◆ Required work:
Please restate exactly the lines from the one holding "Today the painting" to the end of the material, including both ends and excluding every picture.

◆ Material provided:
------------------------------------------------
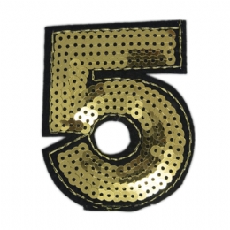Καρφίτσα Number 5 με χρυσές παγιέτες
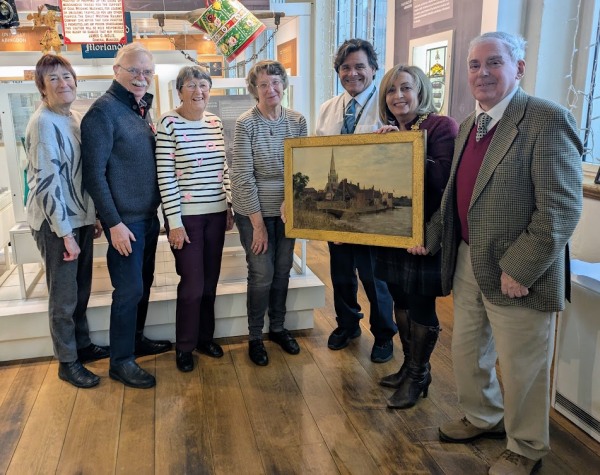 Today the painting was presented to Abingdon Museum in the presence of the Mayor of Abingdon, Cllr Rawda Jehanli, Cllr Penny Clover, Chair of the Museum Sub-Committee, and Dan Sancisi, Museum Manager, by members of the church twinning committee.
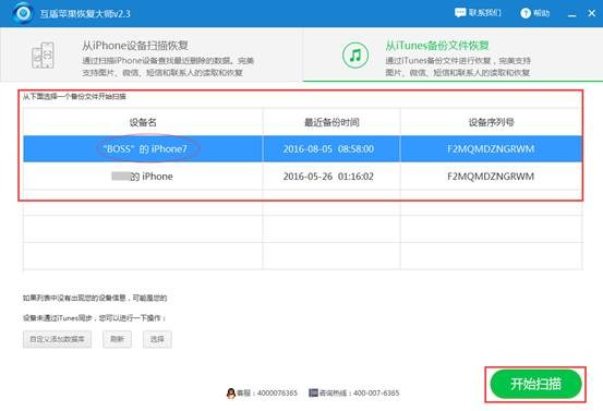 2.打開互盾蘋果恢復大師,選擇“從iTunes備份文件恢復”,軟件自動檢測到備份文件會呈現在界面列表中,選擇備份文件,點擊“開始掃描”。
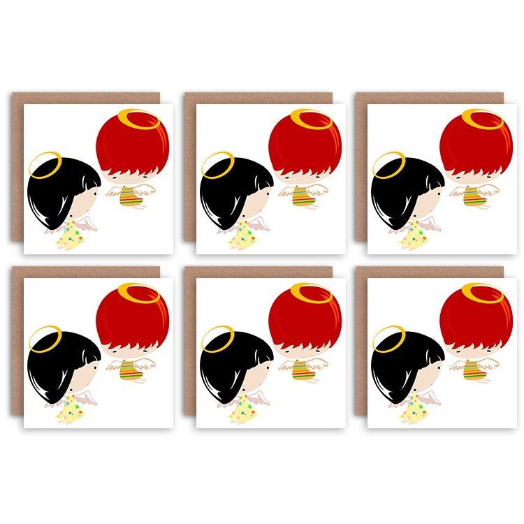 Christmas Cards - Cute Angels Kids Set Blank Xmas Blank Greeting Cards With Envelopes Pack of 6
------------------------------------------------
◆ Result for this exercise:
 Today the painting was presented to Abingdon Museum in the presence of the Mayor of Abingdon, Cllr Rawda Jehanli, Cllr Penny Clover, Chair of the Museum Sub-Committee, and Dan Sancisi, Museum Manager, by members of the church twinning committee.
 2.打開互盾蘋果恢復大師,選擇“從iTunes備份文件恢復”,軟件自動檢測到備份文件會呈現在界面列表中,選擇備份文件,點擊“開始掃描”。
 Christmas Cards - Cute Angels Kids Set Blank Xmas Blank Greeting Cards With Envelopes Pack of 6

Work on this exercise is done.